Long before the start of his professional relationship with the history of Maré, Diniz details his arrival in the favela of Nova Holanda when he was only six months old. “I was born in Paraíba [State], in a small city called Serra Branca. A lot of people in Maré have come from there. I was part of that wave of migration. My father came here in the 1970s when I was six months old,” he says. “I stayed here, got married, and lived here for forty years. I left after that. But I still go to Maré every day. My family still lives in Maré and I’ve maintained many connections with it in my life. I’ve been through everything that residents are currently facing. I lived there for a long time, so it’s part of my identity and I have a strong emotional connection with it. Today, my work is closely tied to my experience as a resident of Maré and the decision to work with memory and history is closely tied to my journey and the memories that I have. This work—my career, my activism, and my personal life—are all connected.”
As Diniz recalls, “Everything that happens in Maré affects the city.” The main access routes to downtown Rio—the Linha Amarela, Linha Vermelha, and Avenida Brasil highways—all go through Maré and are used by around a million people each day, in addition to the 140,000 who live in Complexo da Maré.
“So it’s not just about preserving memory within the community. In addition to being a process oriented towards the community, it’s also about promoting a dialogue with the city,” says Diniz. “Maré is a place of memory, history, and identity. We are going to enshrine this in the community.”

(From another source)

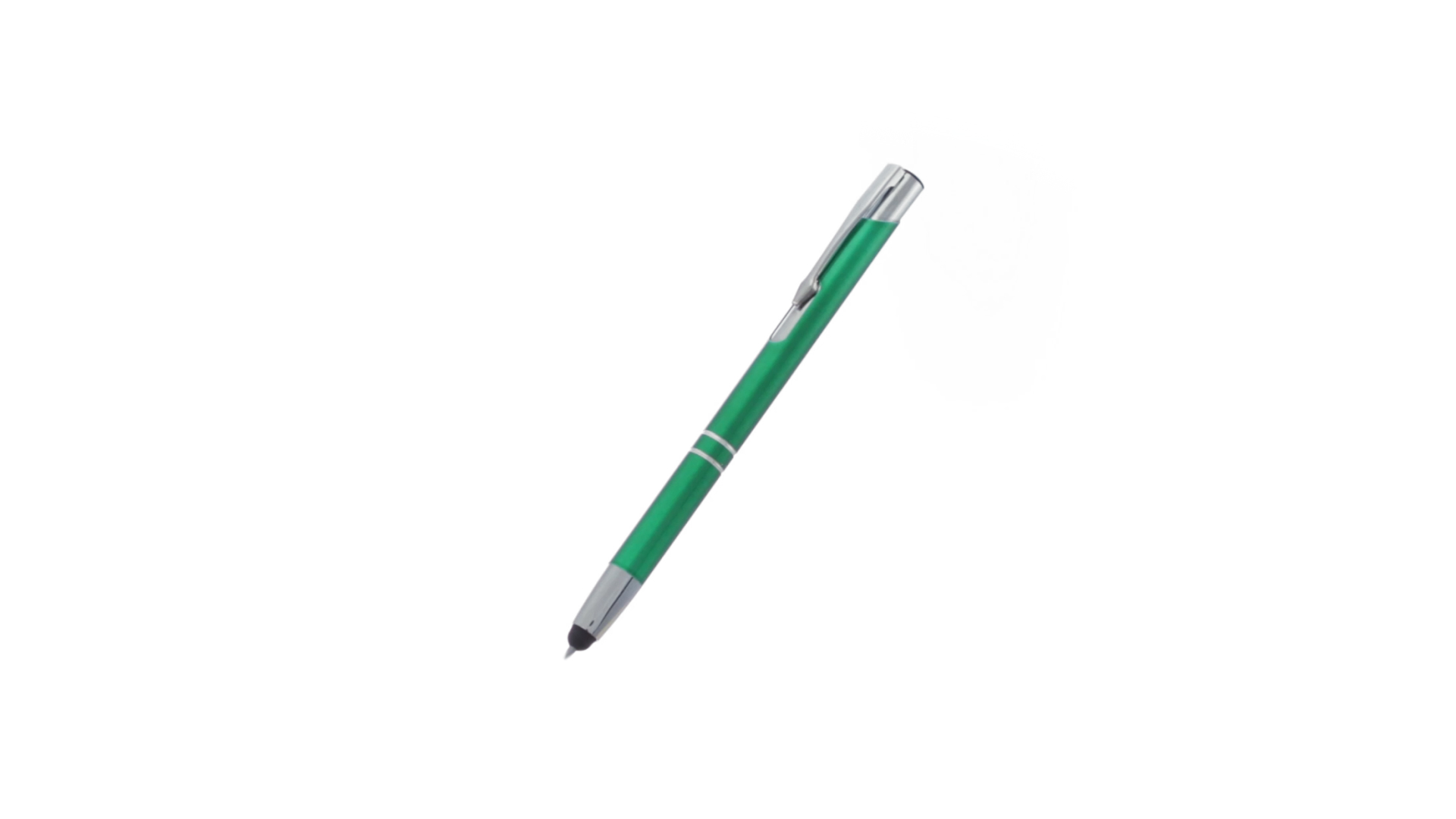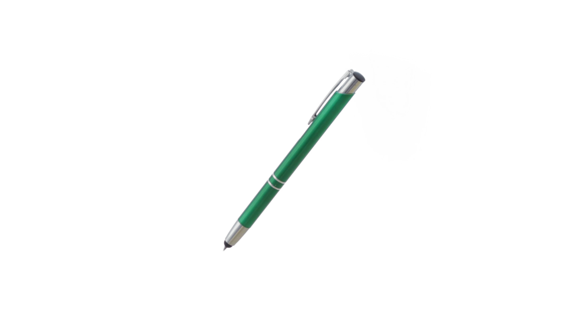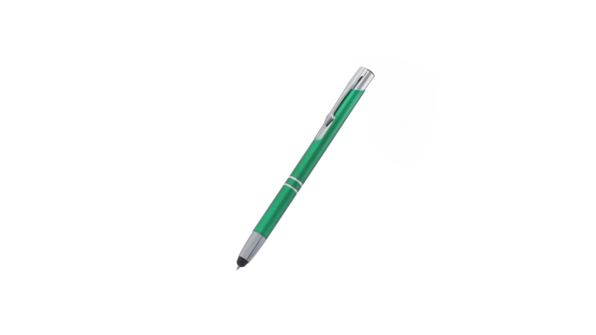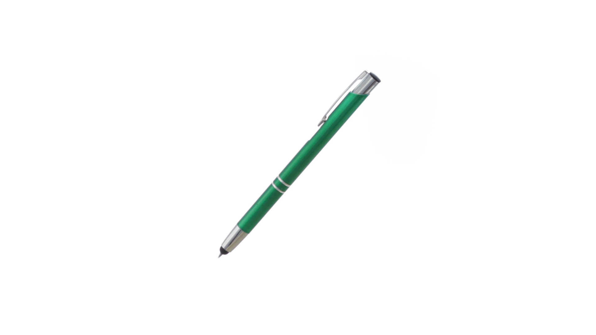 Druck-Kugelschreiber mit Stylus aus glänzendem Aluminium in lebhaften Farben. Jumbo-Patrone mit blauer Tinte.

Over the next six months, Maré’s Open-Air Museum will undertake a number of activities, including azulejo tile workshops for children and conversation circles with Maré’s griots—a group composed of women from the favela, led by Onã. There are already plans to start making guidebooks. The organizers hope to begin scheduling visits in January of next year.
Miriane Peregrino is a researcher, community journalist, and teacher with a master’s degree in literature from the State University of Rio de Janeiro (UERJ). In 2013, she created the Literatura Comunica! (“Literature Speaks!”) literacy project, which is active in schools, community libraries, and cultural centers. She moved to Rio de Janeiro from the interior of Rio state, where she was born, and currently lives in Vila do Pinheiro, Maré.